• _How to complete this task_:
Give the records below again, word for word. No pictures belong in the copy.

• _Entries supplied_:
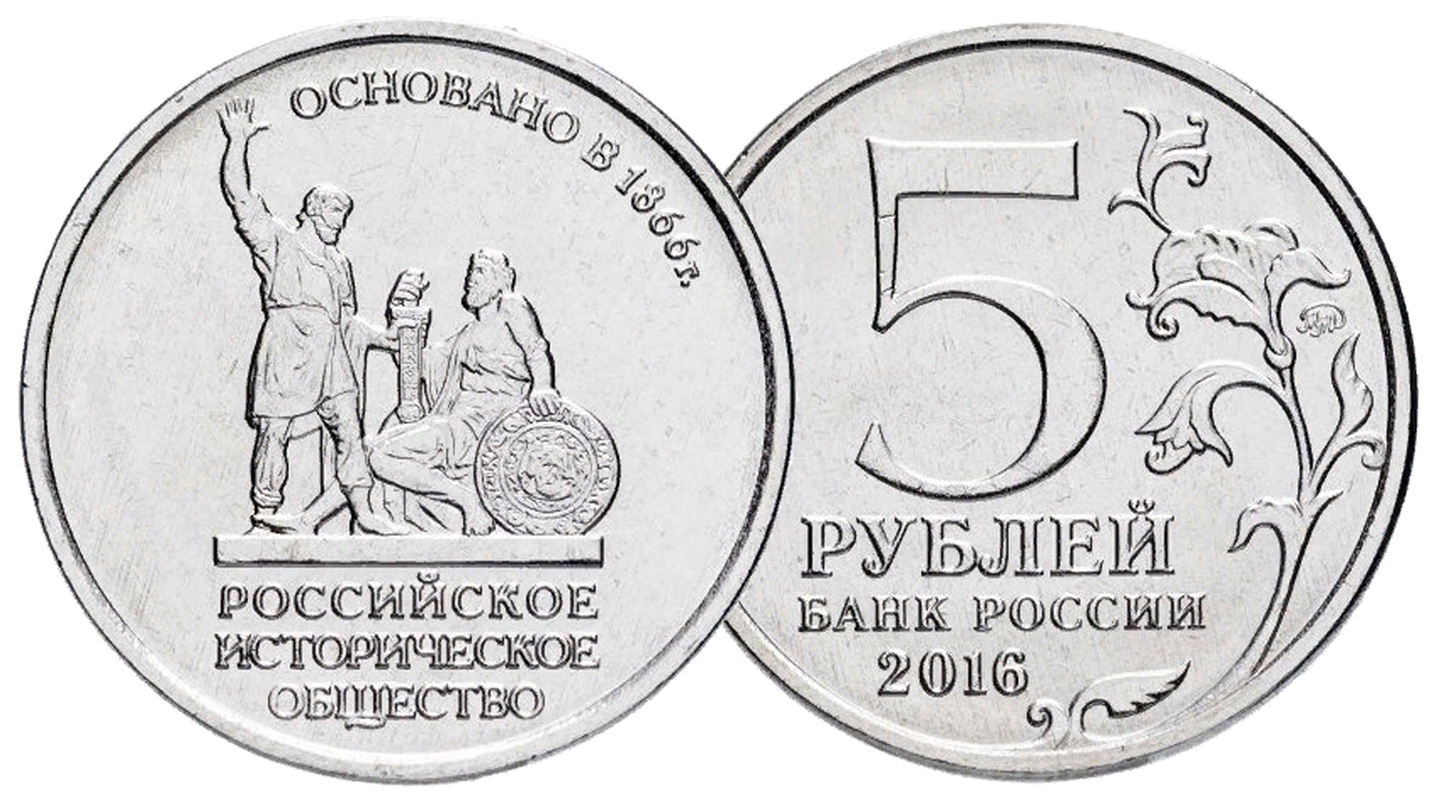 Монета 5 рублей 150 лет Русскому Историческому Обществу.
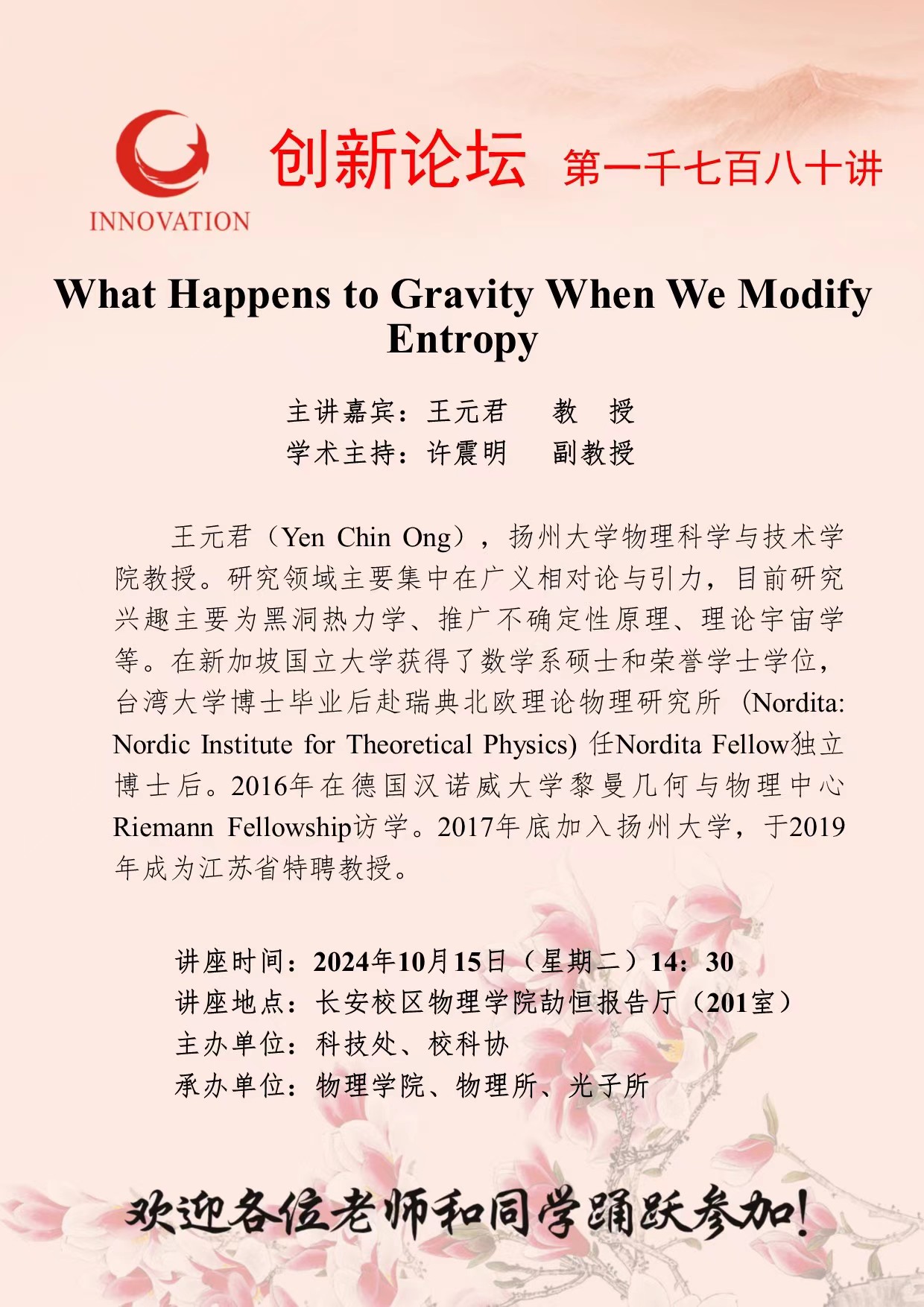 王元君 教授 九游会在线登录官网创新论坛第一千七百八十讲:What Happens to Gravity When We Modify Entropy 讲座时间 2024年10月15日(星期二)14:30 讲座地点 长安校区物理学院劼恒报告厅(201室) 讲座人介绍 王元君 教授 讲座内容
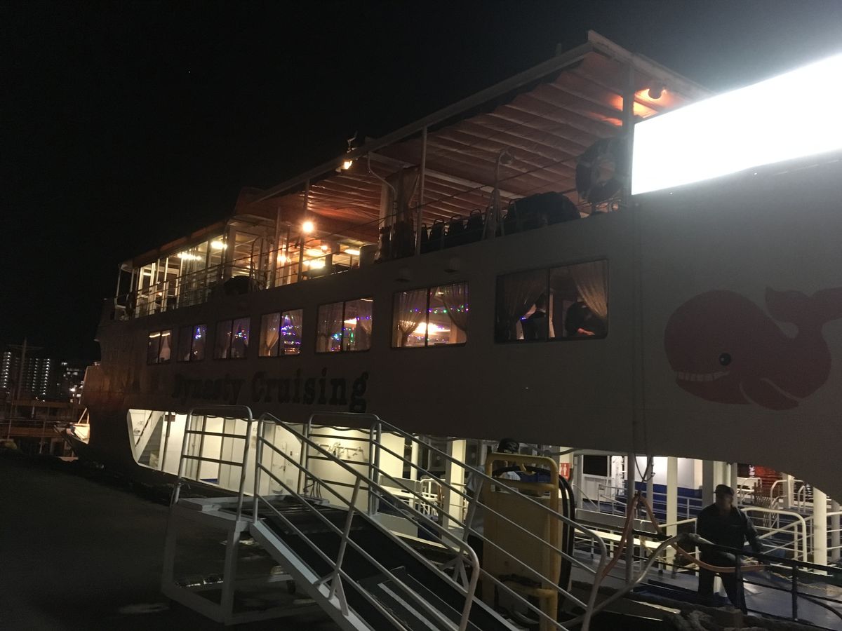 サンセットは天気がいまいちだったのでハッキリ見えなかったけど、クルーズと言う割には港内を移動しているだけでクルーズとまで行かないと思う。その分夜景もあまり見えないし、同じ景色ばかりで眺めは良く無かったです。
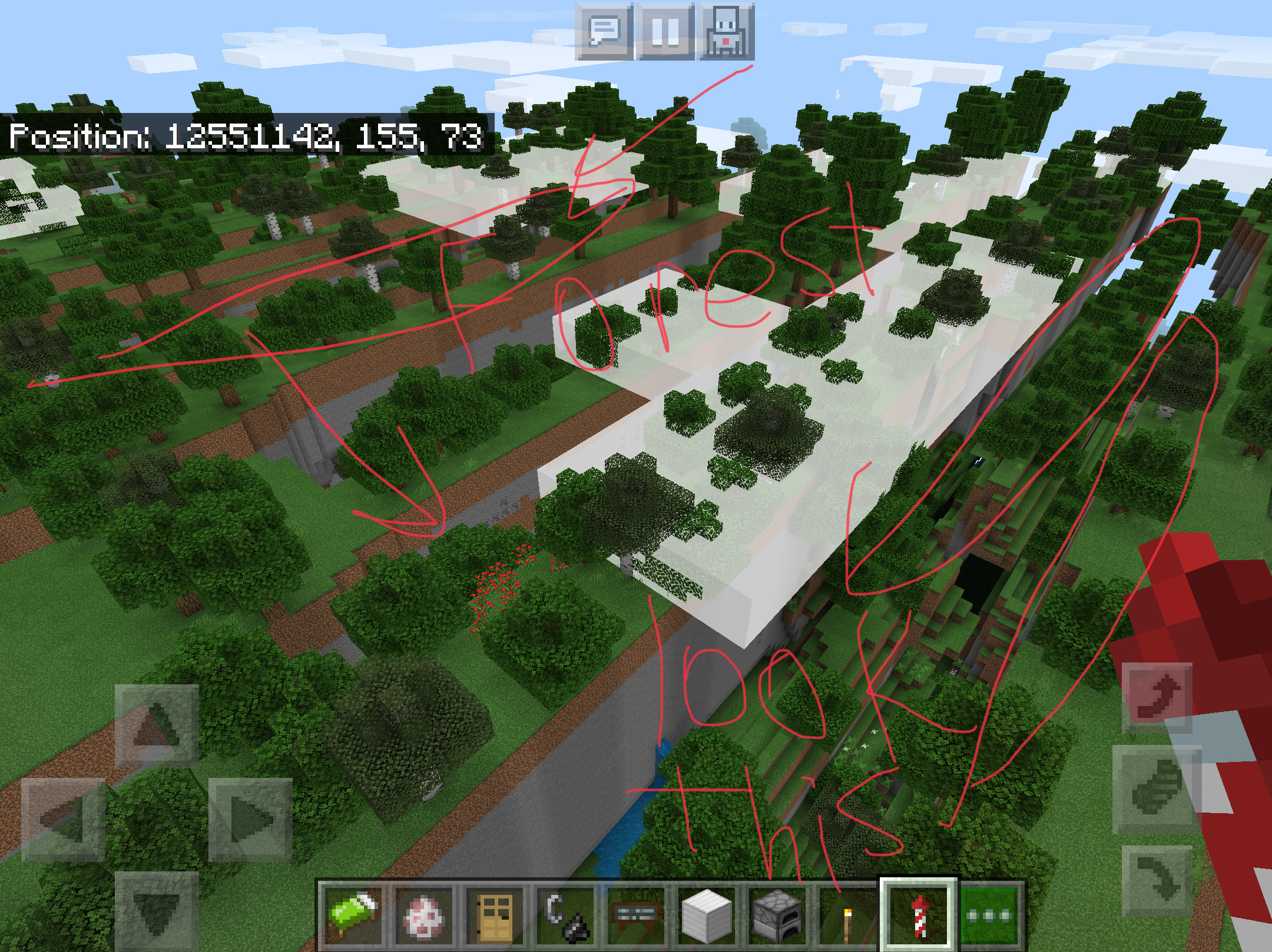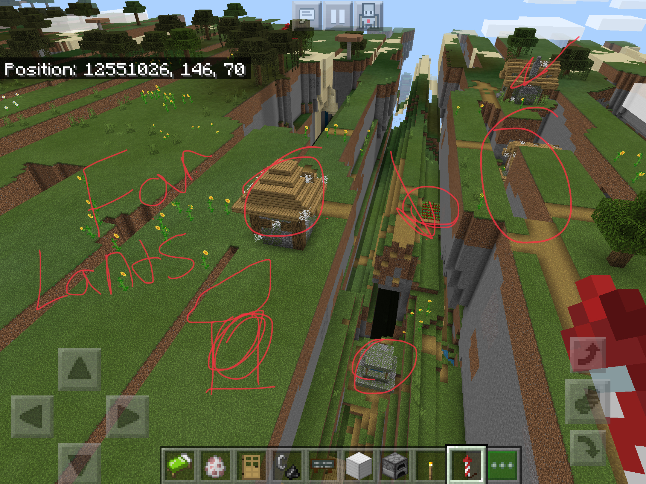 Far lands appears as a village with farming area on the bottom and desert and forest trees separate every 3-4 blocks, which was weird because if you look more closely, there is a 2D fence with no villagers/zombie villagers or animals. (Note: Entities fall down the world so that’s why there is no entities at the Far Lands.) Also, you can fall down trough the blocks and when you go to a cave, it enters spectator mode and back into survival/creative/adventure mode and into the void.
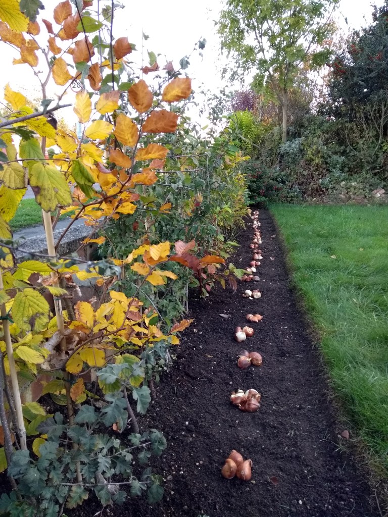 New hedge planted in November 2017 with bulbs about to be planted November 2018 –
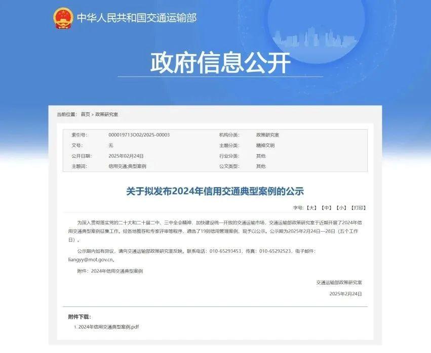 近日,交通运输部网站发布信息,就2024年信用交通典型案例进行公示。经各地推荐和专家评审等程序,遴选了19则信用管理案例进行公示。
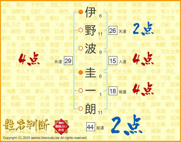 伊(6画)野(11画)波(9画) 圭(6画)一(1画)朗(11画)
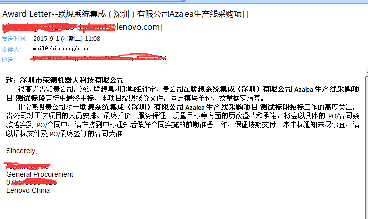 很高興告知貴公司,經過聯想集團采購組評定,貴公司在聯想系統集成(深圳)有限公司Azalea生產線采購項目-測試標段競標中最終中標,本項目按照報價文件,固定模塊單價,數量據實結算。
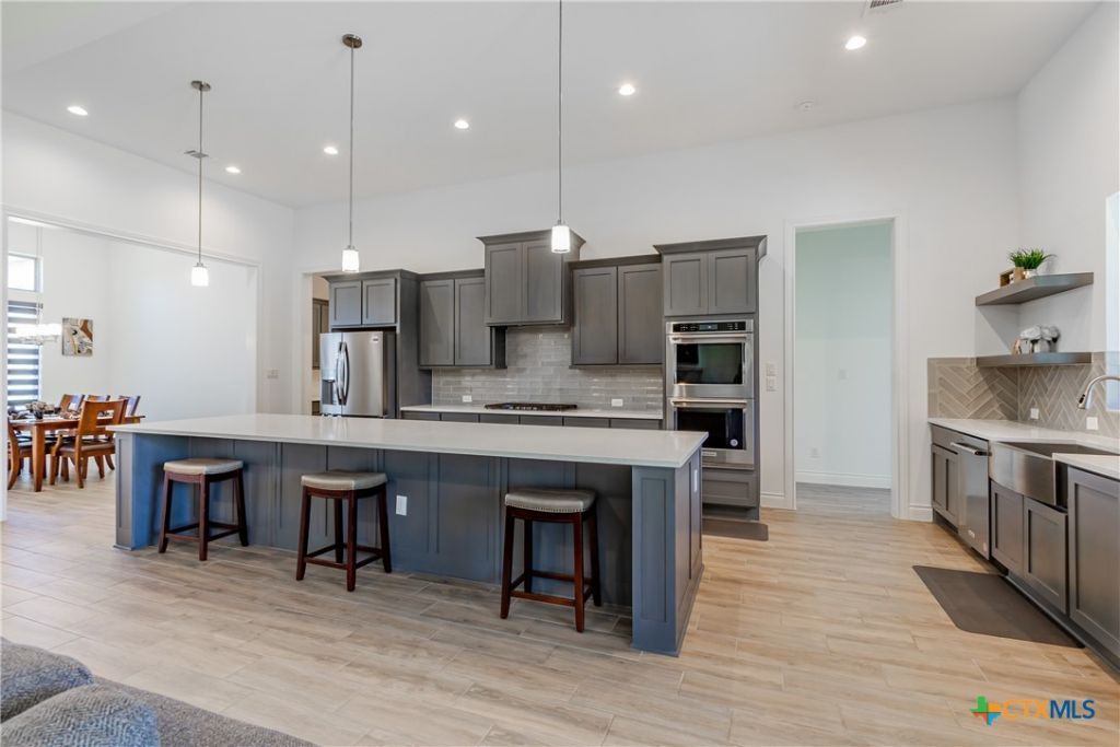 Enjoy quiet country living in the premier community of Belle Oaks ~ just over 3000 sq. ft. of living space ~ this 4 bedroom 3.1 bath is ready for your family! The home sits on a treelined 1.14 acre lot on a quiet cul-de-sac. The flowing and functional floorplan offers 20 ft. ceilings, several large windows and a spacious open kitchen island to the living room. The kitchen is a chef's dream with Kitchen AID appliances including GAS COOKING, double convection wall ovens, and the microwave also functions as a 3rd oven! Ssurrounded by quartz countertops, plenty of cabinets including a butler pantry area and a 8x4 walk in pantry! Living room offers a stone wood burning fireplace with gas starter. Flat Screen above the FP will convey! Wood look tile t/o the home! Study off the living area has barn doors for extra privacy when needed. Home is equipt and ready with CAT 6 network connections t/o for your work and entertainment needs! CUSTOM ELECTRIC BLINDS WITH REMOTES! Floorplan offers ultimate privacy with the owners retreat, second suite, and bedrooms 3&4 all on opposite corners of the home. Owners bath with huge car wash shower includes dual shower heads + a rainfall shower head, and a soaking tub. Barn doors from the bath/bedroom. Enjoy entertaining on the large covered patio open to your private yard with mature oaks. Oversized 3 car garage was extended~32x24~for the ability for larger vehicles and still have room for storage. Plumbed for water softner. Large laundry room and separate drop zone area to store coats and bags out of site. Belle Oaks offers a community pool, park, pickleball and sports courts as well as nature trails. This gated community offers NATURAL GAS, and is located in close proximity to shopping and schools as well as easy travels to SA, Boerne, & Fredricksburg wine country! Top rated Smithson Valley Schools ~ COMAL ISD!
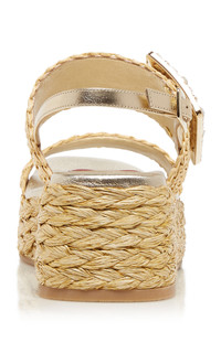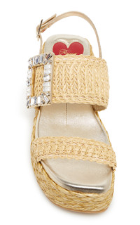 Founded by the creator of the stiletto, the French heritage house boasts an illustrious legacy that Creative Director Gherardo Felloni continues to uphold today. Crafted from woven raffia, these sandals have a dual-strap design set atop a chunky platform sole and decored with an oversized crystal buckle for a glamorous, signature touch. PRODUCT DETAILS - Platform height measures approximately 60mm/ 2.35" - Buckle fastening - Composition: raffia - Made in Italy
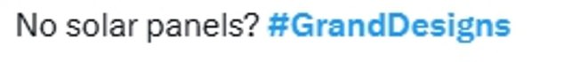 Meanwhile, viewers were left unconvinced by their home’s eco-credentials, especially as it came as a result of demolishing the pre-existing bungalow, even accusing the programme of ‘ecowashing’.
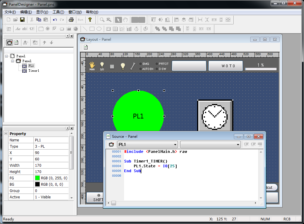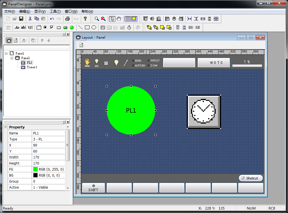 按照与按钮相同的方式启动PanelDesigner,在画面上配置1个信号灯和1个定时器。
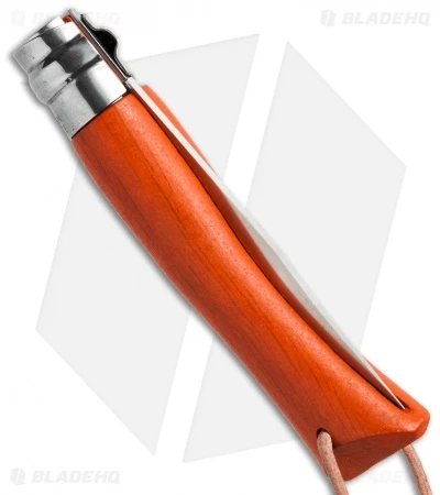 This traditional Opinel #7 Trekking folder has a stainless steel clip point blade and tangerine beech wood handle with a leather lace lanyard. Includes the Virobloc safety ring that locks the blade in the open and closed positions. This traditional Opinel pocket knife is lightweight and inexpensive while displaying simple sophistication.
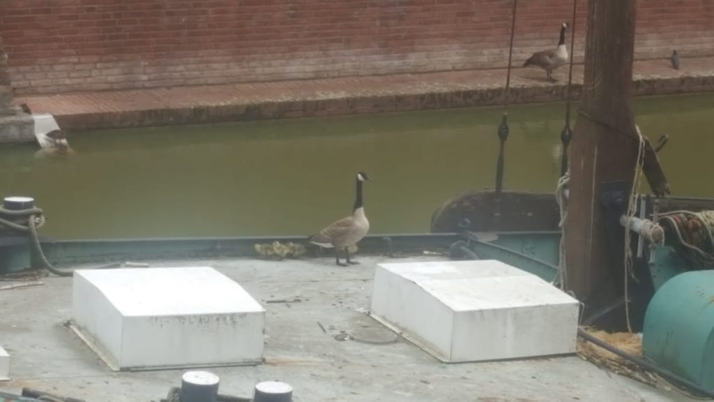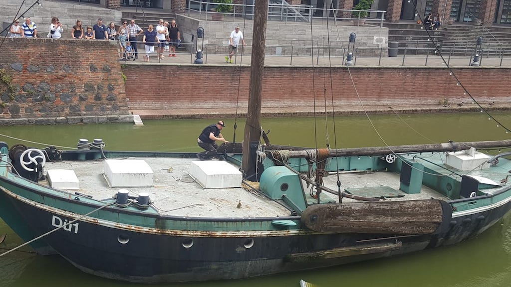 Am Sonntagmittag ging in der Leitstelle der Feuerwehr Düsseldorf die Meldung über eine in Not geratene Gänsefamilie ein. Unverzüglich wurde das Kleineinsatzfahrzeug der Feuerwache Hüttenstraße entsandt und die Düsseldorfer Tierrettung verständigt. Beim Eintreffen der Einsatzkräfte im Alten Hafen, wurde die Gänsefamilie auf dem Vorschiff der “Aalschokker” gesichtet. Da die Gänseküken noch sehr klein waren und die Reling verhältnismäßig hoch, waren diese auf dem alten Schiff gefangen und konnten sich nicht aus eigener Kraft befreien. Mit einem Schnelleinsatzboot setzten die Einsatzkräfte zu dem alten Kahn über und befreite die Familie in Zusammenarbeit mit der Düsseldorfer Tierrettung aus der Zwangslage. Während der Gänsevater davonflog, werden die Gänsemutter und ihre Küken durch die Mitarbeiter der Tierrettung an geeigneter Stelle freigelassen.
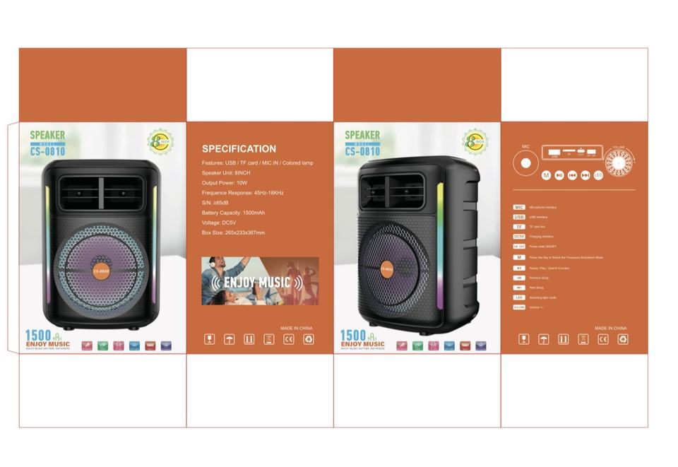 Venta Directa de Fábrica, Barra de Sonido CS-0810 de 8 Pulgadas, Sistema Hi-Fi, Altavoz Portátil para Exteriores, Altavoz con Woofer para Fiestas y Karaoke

• _Written solution_:
 Монета 5 рублей 150 лет Русскому Историческому Обществу.
 王元君 教授 九游会在线登录官网创新论坛第一千七百八十讲:What Happens to Gravity When We Modify Entropy 讲座时间 2024年10月15日(星期二)14:30 讲座地点 长安校区物理学院劼恒报告厅(201室) 讲座人介绍 王元君 教授 讲座内容
 サンセットは天気がいまいちだったのでハッキリ見えなかったけど、クルーズと言う割には港内を移動しているだけでクルーズとまで行かないと思う。その分夜景もあまり見えないし、同じ景色ばかりで眺めは良く無かったです。
 Far lands appears as a village with farming area on the bottom and desert and forest trees separate every 3-4 blocks, which was weird because if you look more closely, there is a 2D fence with no villagers/zombie villagers or animals. (Note: Entities fall down the world so that’s why there is no entities at the Far Lands.) Also, you can fall down trough the blocks and when you go to a cave, it enters spectator mode and back into survival/creative/adventure mode and into the void.
 New hedge planted in November 2017 with bulbs about to be planted November 2018 –
 近日,交通运输部网站发布信息,就2024年信用交通典型案例进行公示。经各地推荐和专家评审等程序,遴选了19则信用管理案例进行公示。
 伊(6画)野(11画)波(9画) 圭(6画)一(1画)朗(11画)
 很高興告知貴公司,經過聯想集團采購組評定,貴公司在聯想系統集成(深圳)有限公司Azalea生產線采購項目-測試標段競標中最終中標,本項目按照報價文件,固定模塊單價,數量據實結算。
 Enjoy quiet country living in the premier community of Belle Oaks ~ just over 3000 sq. ft. of living space ~ this 4 bedroom 3.1 bath is ready for your family! The home sits on a treelined 1.14 acre lot on a quiet cul-de-sac. The flowing and functional floorplan offers 20 ft. ceilings, several large windows and a spacious open kitchen island to the living room. The kitchen is a chef's dream with Kitchen AID appliances including GAS COOKING, double convection wall ovens, and the microwave also functions as a 3rd oven! Ssurrounded by quartz countertops, plenty of cabinets including a butler pantry area and a 8x4 walk in pantry! Living room offers a stone wood burning fireplace with gas starter. Flat Screen above the FP will convey! Wood look tile t/o the home! Study off the living area has barn doors for extra privacy when needed. Home is equipt and ready with CAT 6 network connections t/o for your work and entertainment needs! CUSTOM ELECTRIC BLINDS WITH REMOTES! Floorplan offers ultimate privacy with the owners retreat, second suite, and bedrooms 3&4 all on opposite corners of the home. Owners bath with huge car wash shower includes dual shower heads + a rainfall shower head, and a soaking tub. Barn doors from the bath/bedroom. Enjoy entertaining on the large covered patio open to your private yard with mature oaks. Oversized 3 car garage was extended~32x24~for the ability for larger vehicles and still have room for storage. Plumbed for water softner. Large laundry room and separate drop zone area to store coats and bags out of site. Belle Oaks offers a community pool, park, pickleball and sports courts as well as nature trails. This gated community offers NATURAL GAS, and is located in close proximity to shopping and schools as well as easy travels to SA, Boerne, & Fredricksburg wine country! Top rated Smithson Valley Schools ~ COMAL ISD!
 Founded by the creator of the stiletto, the French heritage house boasts an illustrious legacy that Creative Director Gherardo Felloni continues to uphold today. Crafted from woven raffia, these sandals have a dual-strap design set atop a chunky platform sole and decored with an oversized crystal buckle for a glamorous, signature touch. PRODUCT DETAILS - Platform height measures approximately 60mm/ 2.35" - Buckle fastening - Composition: raffia - Made in Italy
 Meanwhile, viewers were left unconvinced by their home’s eco-credentials, especially as it came as a result of demolishing the pre-existing bungalow, even accusing the programme of ‘ecowashing’.
 按照与按钮相同的方式启动PanelDesigner,在画面上配置1个信号灯和1个定时器。
 This traditional Opinel #7 Trekking folder has a stainless steel clip point blade and tangerine beech wood handle with a leather lace lanyard. Includes the Virobloc safety ring that locks the blade in the open and closed positions. This traditional Opinel pocket knife is lightweight and inexpensive while displaying simple sophistication.
 Am Sonntagmittag ging in der Leitstelle der Feuerwehr Düsseldorf die Meldung über eine in Not geratene Gänsefamilie ein. Unverzüglich wurde das Kleineinsatzfahrzeug der Feuerwache Hüttenstraße entsandt und die Düsseldorfer Tierrettung verständigt. Beim Eintreffen der Einsatzkräfte im Alten Hafen, wurde die Gänsefamilie auf dem Vorschiff der “Aalschokker” gesichtet. Da die Gänseküken noch sehr klein waren und die Reling verhältnismäßig hoch, waren diese auf dem alten Schiff gefangen und konnten sich nicht aus eigener Kraft befreien. Mit einem Schnelleinsatzboot setzten die Einsatzkräfte zu dem alten Kahn über und befreite die Familie in Zusammenarbeit mit der Düsseldorfer Tierrettung aus der Zwangslage. Während der Gänsevater davonflog, werden die Gänsemutter und ihre Küken durch die Mitarbeiter der Tierrettung an geeigneter Stelle freigelassen.
 Venta Directa de Fábrica, Barra de Sonido CS-0810 de 8 Pulgadas, Sistema Hi-Fi, Altavoz Portátil para Exteriores, Altavoz con Woofer para Fiestas y Karaoke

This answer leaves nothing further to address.